LOS ANGELES (YBH.ME) – Health guidelines, recommended by statistics-reviewing committees and vetted by experts, are released several times a year, to little if any fanfare. Press releases about the number of calories you should eat in a day, vaccine schedules for tots, prostate screening efficacy, and so on hit the news wires and fade away.

Women Under 50: No More Mammograms?
Then there was yesterday’s uproar and dissembling, when the U.S. Preventive Services Task Force (USPSTF), announced that an exhaustive review of studies and stats showed there was little benefit to routine mammography screening in women prior to age 50.
The USPSTF is a peer review panel under the umbrella of the Agency for Healthcare Research and Quality. From their website:
USPSTF recommendations highlight the opportunities for improving delivery of effective services and have helped others in narrowing gaps in the provision of preventive care in different populations.
Translating the bureaucratese indicates that their goal is to raise awareness of the need to practice preventive medicine, and equalize access to prevention.
Hmm. The new recommendation certainly could equalize access, since an entire population group will be removed from the yearly mammogram pool. And thus those newly-available machines will be put to more efficient use, right?
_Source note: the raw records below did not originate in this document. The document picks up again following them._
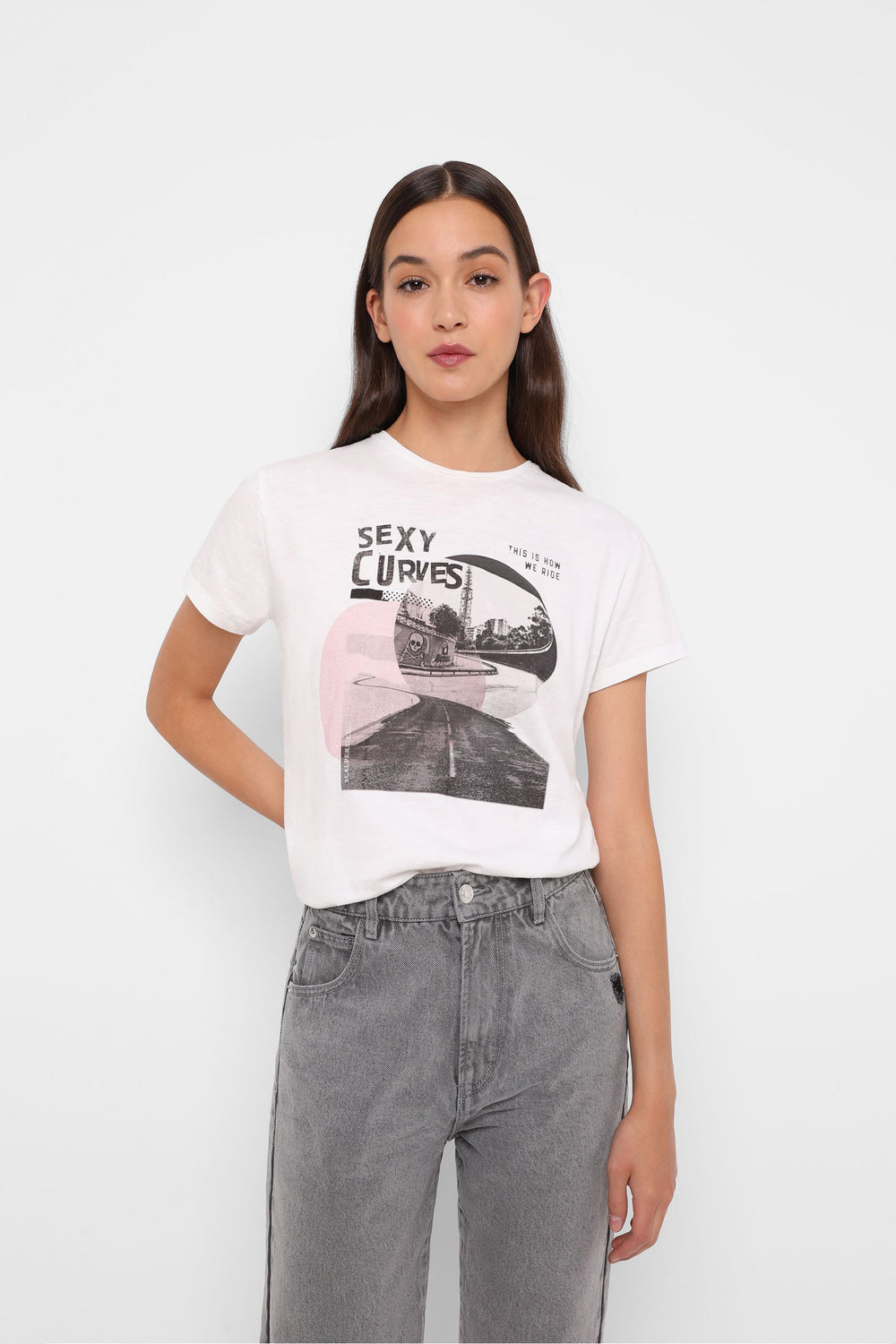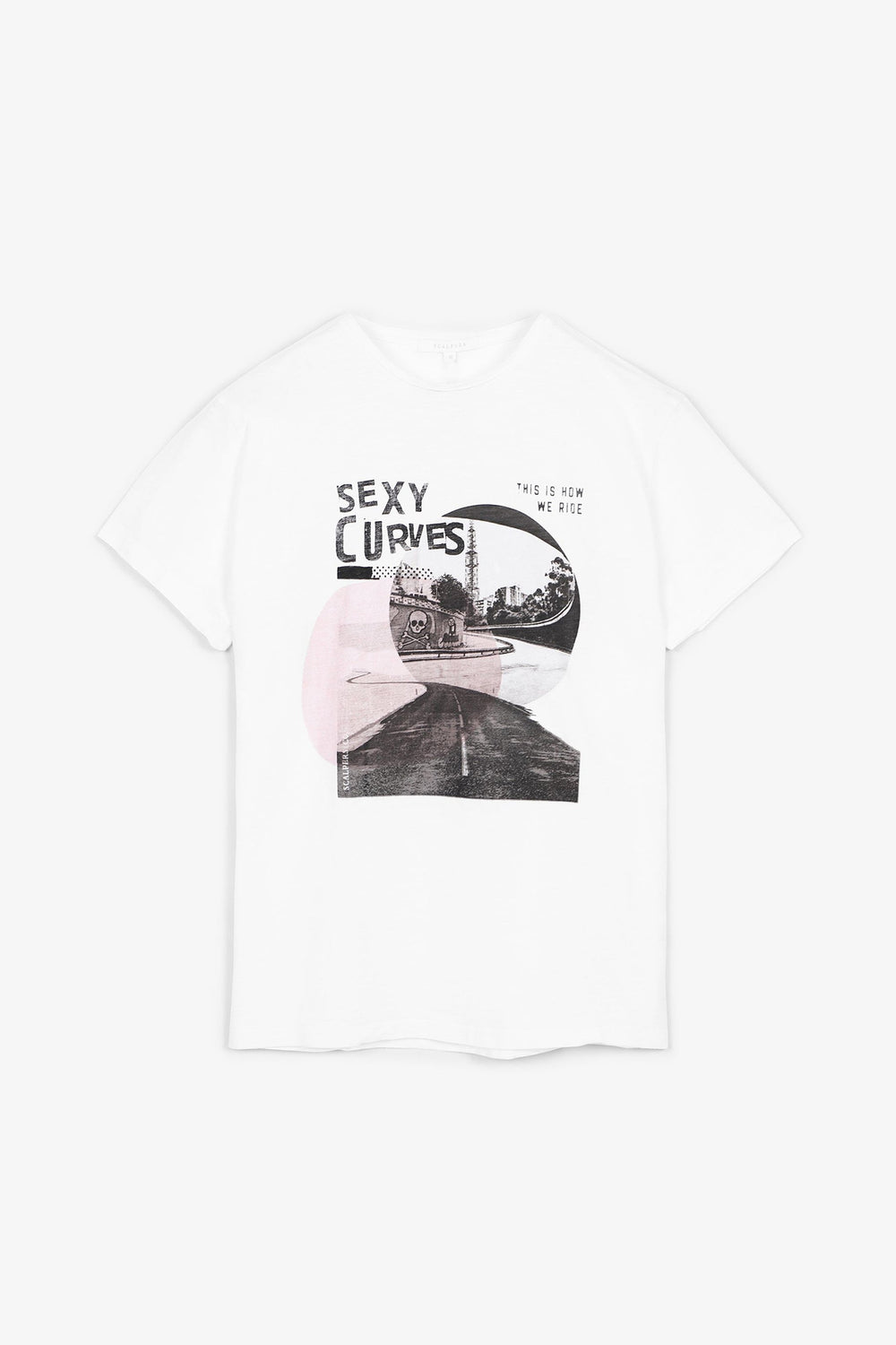 T-shirt made of 100% cotton with collage print. Regular fit.
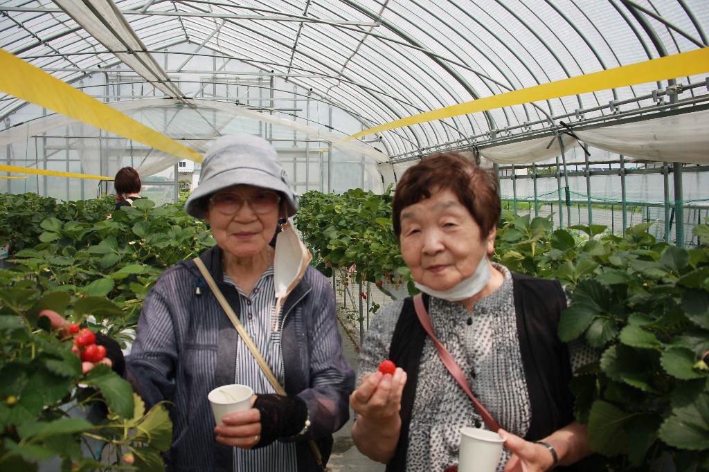 町内在住の70歳以上一人暮らし高齢者を対象に、田舎館村の観光いちご園でいちご狩りを行い、その後、平川市のつがる温泉に移動して交流会を行い、参加された皆さんの心身のリフレッシュとなりました。
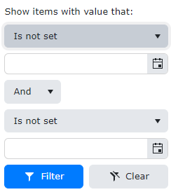 which results in the filter menu in the attached image. The problem is there is no obvious way for a user to select a single criteria. The And/Or dropdown doesn't have a "Just The Above" option. From looking at what is sent to the server side in the debugger, I found that if the user picks a second condition which requires an argument (such as equal, not equal, before, after, etc.) but doesn't provide the argument then the filter menu logic will only include the top condition. But that's not particularly intuitive to users. And given that the first condition in the list on my date columns (and hence the default) is "Is Not Set", then users would have to explicitly change the bottom condition in order to only have a single condition.
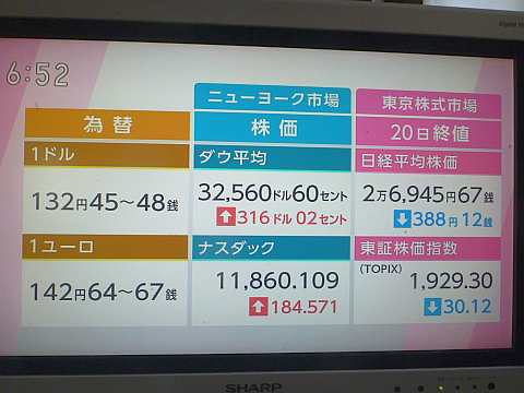 昨日の株価。
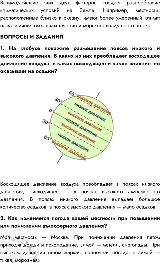1. На глобусе покажите размещение поясов низкого и высокого давления. В каких из них преобладает восходящее движение воздуха, в каких нисходящее и какое влияние это оказывает на осадки?

The American Cancer Society’s response was swift: yearly mammograms still recommended for women at age 40. Among other reasons, having a baseline mammogram to work from ensures better readings down the line should their be changes in the breast. Insurers are scrambling to make sure it’s clear they won’t drop mammogram reimbursement based on the panel’s recommendation. Well, not this year anyway.
Many believe that a heavyweight panel’s recommendation will eventually be incorporated into policy at every level. For government medical programs, that’s a given. And since we may all be on a government program soon, or at least a government approved one, it’s a-coming.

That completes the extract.